→ Listed entries:

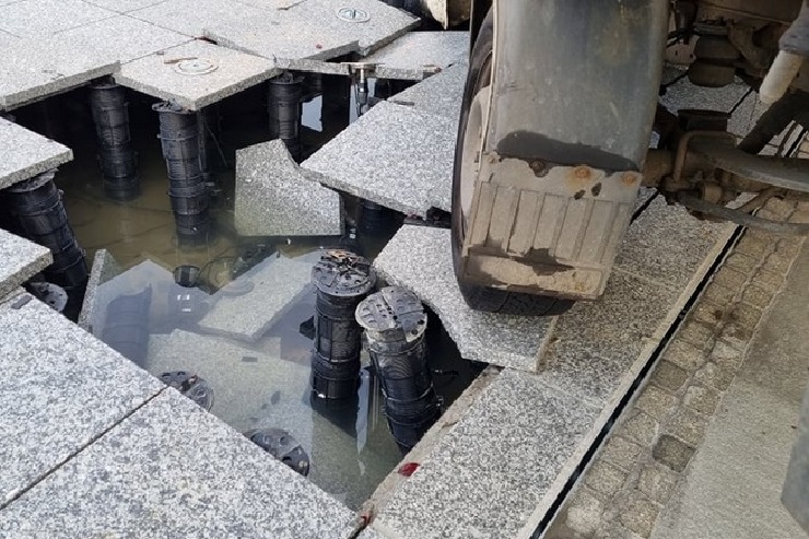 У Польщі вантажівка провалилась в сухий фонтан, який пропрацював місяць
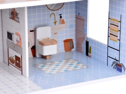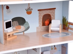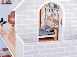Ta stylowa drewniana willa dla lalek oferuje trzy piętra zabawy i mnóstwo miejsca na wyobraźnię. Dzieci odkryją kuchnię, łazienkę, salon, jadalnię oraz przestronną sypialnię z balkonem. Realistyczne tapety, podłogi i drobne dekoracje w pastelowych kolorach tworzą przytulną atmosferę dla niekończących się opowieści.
* * *
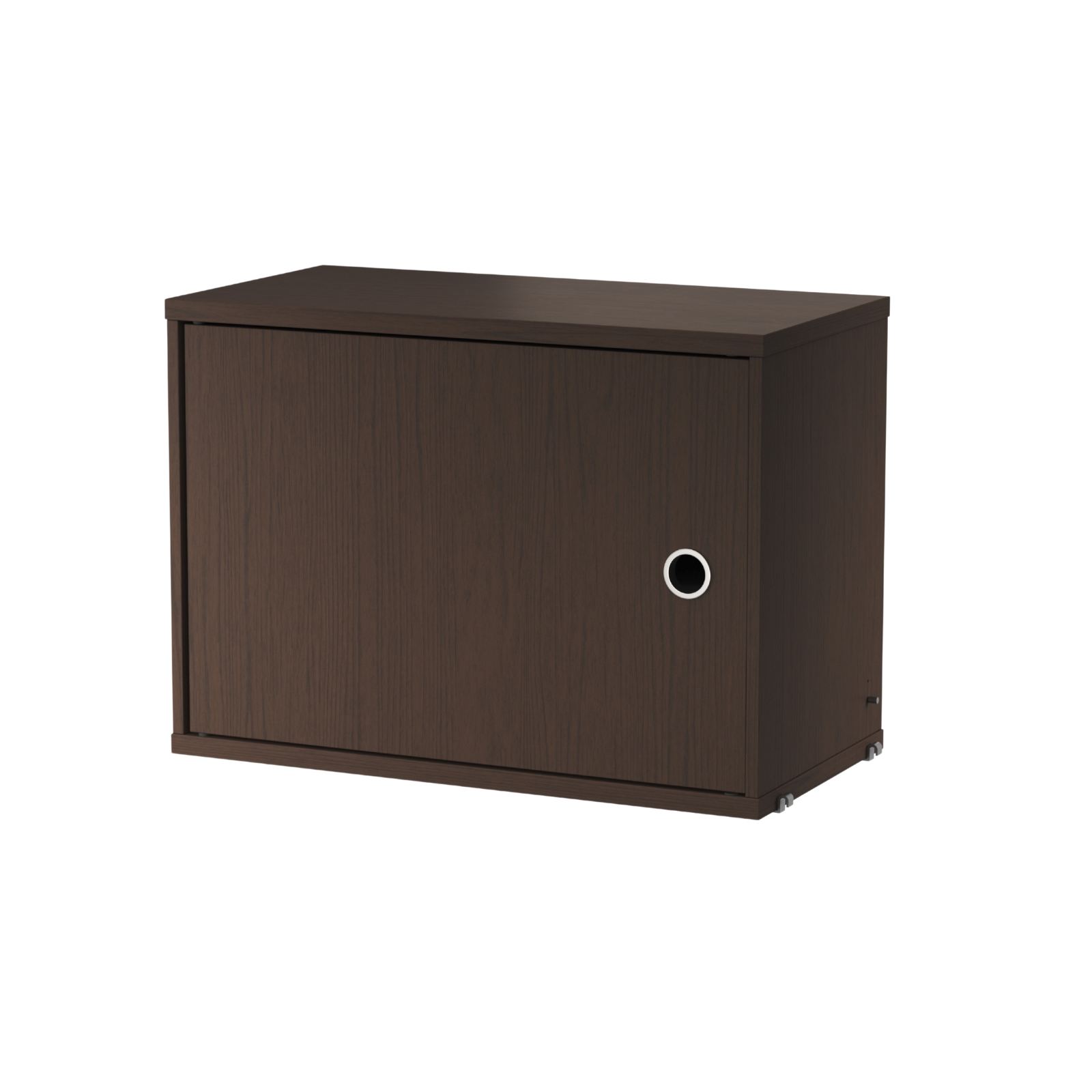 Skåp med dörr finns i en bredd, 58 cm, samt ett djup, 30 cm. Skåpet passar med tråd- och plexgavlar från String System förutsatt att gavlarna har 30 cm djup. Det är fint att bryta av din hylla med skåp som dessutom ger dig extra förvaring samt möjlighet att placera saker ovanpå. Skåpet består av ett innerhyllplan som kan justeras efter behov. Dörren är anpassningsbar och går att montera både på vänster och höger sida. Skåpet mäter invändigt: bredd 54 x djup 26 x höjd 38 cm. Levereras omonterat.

→ Exercise requirements:
From the line holding "У Польщі вантажівка" to the line holding "Ta stylowa drewniana", both included, retype the entries above exactly and drop the pictures.

→ Answer to this task:
 У Польщі вантажівка провалилась в сухий фонтан, який пропрацював місяць
Ta stylowa drewniana willa dla lalek oferuje trzy piętra zabawy i mnóstwo miejsca na wyobraźnię. Dzieci odkryją kuchnię, łazienkę, salon, jadalnię oraz przestronną sypialnię z balkonem. Realistyczne tapety, podłogi i drobne dekoracje w pastelowych kolorach tworzą przytulną atmosferę dla niekończących się opowieści.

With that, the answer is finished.